Apart from the pictures, return every line of the listing exactly.

MATERIAL PROVIDED:

....................

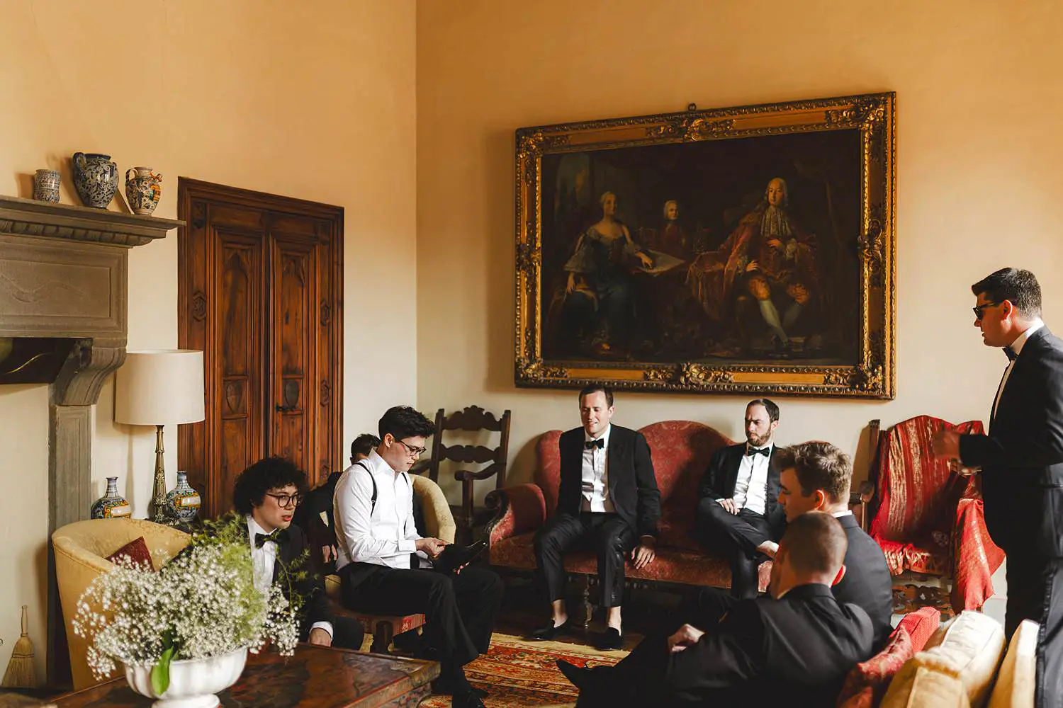 Groom and groomsmen ready for the unforgettable wedding ceremony at Castello di Celsa in Tuscany. Photo by the Italian elegant wedding photographer in Tuscany Gabriele Fani
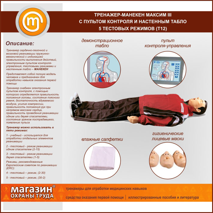 Тренажер-манекен «Максим» III с пультом контроля и управления и настенным табло (Т12) | Тренажер-манекен «Максим» III с пультом контроля и управления и настенным табло (Т12) |
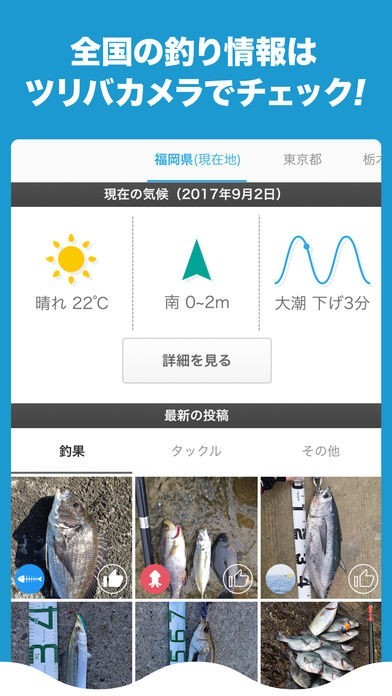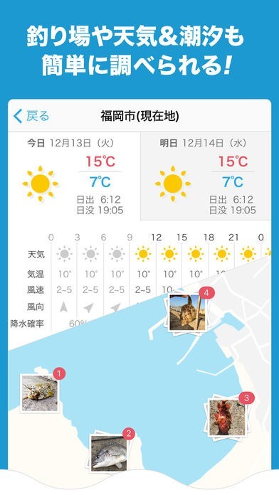 全国の釣り場の天気や釣果がいつでもチェックできる

....................

WRITTEN SOLUTION:
 Groom and groomsmen ready for the unforgettable wedding ceremony at Castello di Celsa in Tuscany. Photo by the Italian elegant wedding photographer in Tuscany Gabriele Fani
 Тренажер-манекен «Максим» III с пультом контроля и управления и настенным табло (Т12) | Тренажер-манекен «Максим» III с пультом контроля и управления и настенным табло (Т12) |
 全国の釣り場の天気や釣果がいつでもチェックできる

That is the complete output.